6.4.7 For cases where a scaling change occurred between the previous calibration activity and this calibration activity, marked by a new procedure revision or new surveillance procedure, enter "No Data" for the As-Found values. If the As-Found data is obtained using the previous calibration data then include the As-Found data in the analysis.

6.4.8 For cases where significant one-directional errors are observed that must be adjusted out for multiple instruments in a calibration procedure, investigate to see if M&TE could be out of calibration or if there were other problems with the calibration process. If problems are found to exist with M&TE or calibration processes, initiate a Condition Report via Reference 2.5. M&TE errors can also show up as increasing or decreasing across the scale of the instrument. To find such situations, look for multiple instruments exhibiting the same characteristic, tested within the same procedure. If M&TE is out of calibration or if problems in the calibration process are detected and confirmed, enter "No Data" for the As-Found and As-Left data for all instruments calibrated on that calibration activity with the specified M&TE or calibration problem.

6.4.9 For cases where an instrument was replaced with a different make and model number (any group), follow the flow chart of Attachment 7.1 to properly enter data for both the previous and new instrument into the database. IPASS only allows one setpoint per device, as entered with the instrument definitions. Thus, if setpoints are changed for a device in these groups without changing tag numbers, the overall calculation of drift statistics will no longer be correct.)

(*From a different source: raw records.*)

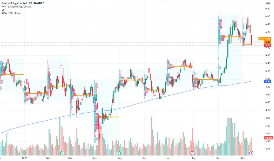 In the third quarter of 2025, Grab Holdings showed resilience despite economic uncertainty. The stock has moved largely sideways over the last 30 days, oscillating between the $5.50-$6 range but maintaining healthy volume activity. It is up approximately 8% year-to-date as increased revenue improvements have caught investor attention. The weekly price chart shows bottoming support dynamically near $5.35, aligned with optimism stemming from recent earnings that surpassed analyst expectations by 5%.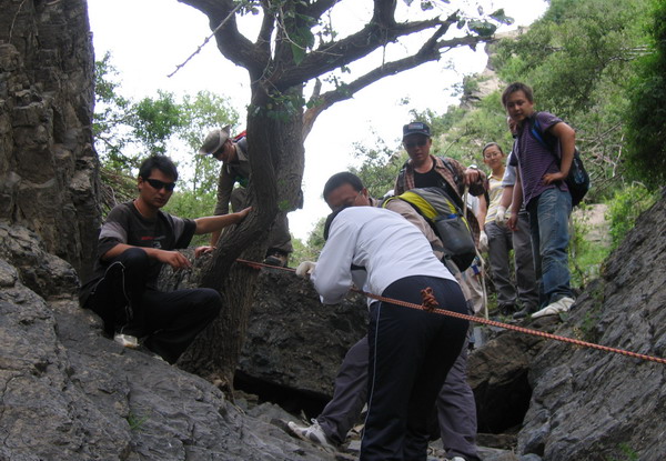 接下來就是最后一段路程了,這一段路程也是比較艱難的,中間有好幾處都是需要大家團(tuán)結(jié)協(xié)作才能過去的險(xiǎn)境。在大家的相互幫助下,我們有驚無險(xiǎn)的穿越了幾處險(xiǎn)境,下到山腳下時(shí),每個(gè)人都非常激動(dòng),一是因?yàn)槲覀儜?zhàn)勝了自己,終于完成了此次艱險(xiǎn)的路程,二是因?yàn)轳R上就可以看到我們的車了,馬上可以去吃飯了。這是大家的步伐也變得輕盈了。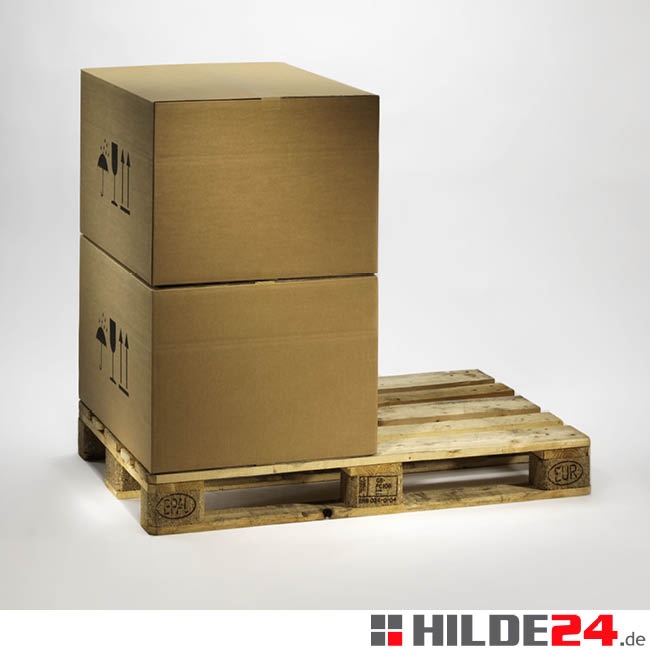 Die Außenmaße der Wellpapp-Containers sind auf das Maß von der Europalette (800 x 1200 mm) abgestimmt und sind bereits vorgedruckt mit den Symbolen Pfeile, Glas und Regenschirm. Zusätzlich sind die Palettenkartons mit 1 Zusatzrillung bei 300 mm ausgestattet.

6.4.10 During As-Found and As-Left calibration data entry, the entry error flags are very useful in helping to immediately identify data entry errors. The flags contain As-Found and As-Left tolerances, which are used to flag potentially errant data. Setting the entry error As-Left tolerance value equal to the As-Left procedure tolerance is recommended, since no As-Left values should be outside this tolerance. If it is researched and found that an As-Left value was written in the procedure that is outside of the As-Left procedure tolerance, then this is enough justification to enter "No Data" in the As-Left entry for the data, since it was obviously transcribed to the procedure erroneously.

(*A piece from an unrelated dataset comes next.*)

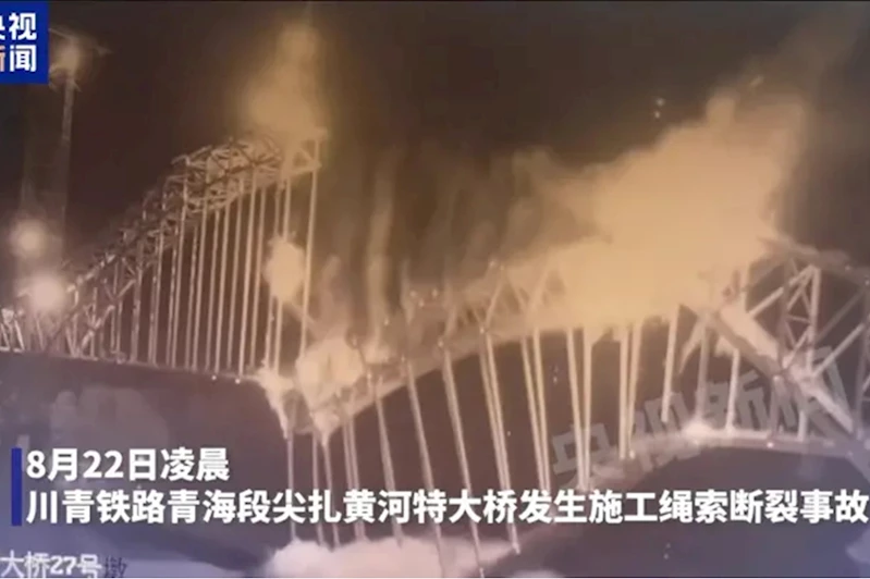 Sichuan-Qinghai Demiryolu'nun Qinghai kesiminde yapım aşamasında olan bir köprünün bulunduğu yerde, çelik halat koptu. Ön soruşturmaya göre, kaza sırasında şantiyede 16 işçi bulunuyordu.

ENGINEERING STANDARD EN-IC-S-022-G REV. 000 INSTRUMENT PERFORMANCE MONITORING PAGE 12 OF 38 AND DRIFT TRENDING AND ANALYSIS 6.4.11 After identification of all screening activities required, using the copy of the signed off calibration procedure, enter the As-Found and As-Left data for all applicable instruments into the IPASS database. Enter numerical values for each instrument, unless special circumstances exist, as identified by the screening criteria. The date that is entered for the AFAL data shall be the date of approval for the procedure run.

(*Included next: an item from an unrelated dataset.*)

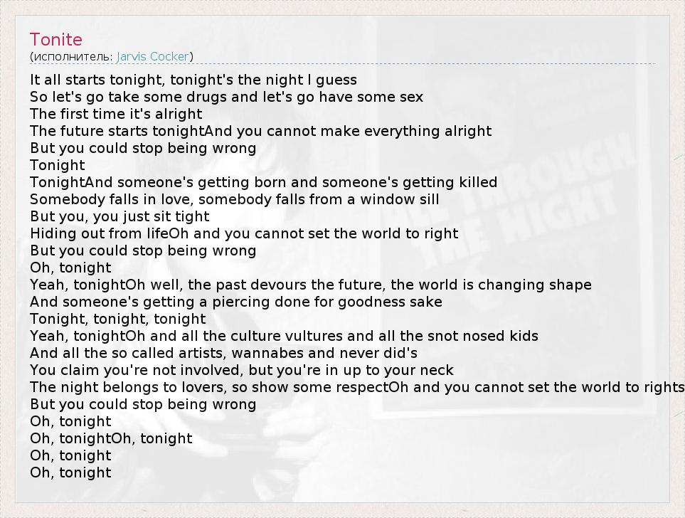 А как ты думаешь, о чем песня "Tonite" ?

6.4.12 After the initial data entry a few brief steps should be taken to immediately identify instruments that exhibited excessive drift for the calibration performed.

6.4.13 Within the IPASS program, after entry of all data from the calibration for this device type, enter the Analysis toolbar and select Analysis.

6.4.14 After selecting the proper group, set the date range so that only the presently entered calibrations will be analyzed. View the statistics by clicking the "Statistics" box.

6.4.15 Go to the "Data" Tab. Compare each of the drift values computed for the recent calibration to the Analyzed Drift for this type of device from the associated drift calculation (Attachments 7.2). (This should be done for all calibration data points.) If the drift value exceeds the Analyzed Drift value from the drift calculation, then initiate a Condition Report via Reference 2.5. If no values exceed the Analyzed Drift magnitude, then stop.

6.4.16 On the calibration procedure form, note the date that the IPASS data entry was performed.

6.5 IPASS DRIFT ANALYSIS REVIEWS 6.5.1 The IPASS Drift Analysis Reviews are a periodic process used to verify the steps taken in data entry, to verify that the instruments continue to perform as anticipated, and to uncover potential problem instruments. The drift data, statistics and charts are observed to ensure that the instrumentation is not drifting beyond the limits specified within the drift calculations, and that the drift not is displaying a directional shift in excess of the value predicted by the drift calculations.

6.5.2 The frequency of the review process is specified within Section 4.0 of this administrative guide.

6.5.3 The review process should be performed by Design Engineering for all necessary groupings within the IPASS database which are associated with instruments tested at the associated frequency (such as refueling basis or semi-annual basis, if any of those instruments are trended) and should generally flow as follows:

6.5.3.1 Enter the IPASS database, select the proper mode (AFAL or Bistable), and enter the Analysis menu. Select Analysis. Select the proper group, and set the date range so that all entered calibrations will be analyzed. Ensure that the Outlier Significance value is set to 5%. View the statistics by clicking the "Statistics" button.

6.5.3.2 Within the "Statistics and Outliers" tab, review any identified outliers that show up from the current calibrations. If outliers do show up in current calibrations (those performed since the most current Drift Analysis Review), then review the calibration information to see if the data should have been screened out per Section 6.2.5.1 of this administrative guide. If so, screen the data in accordance with Section 6.2.5.1 prior to proceeding. After screening the data, return to this step, and again address the outliers, until either no more outliers are identified, or until the identified outliers cannot be removed via the reasoning of Section 6.2.5.1.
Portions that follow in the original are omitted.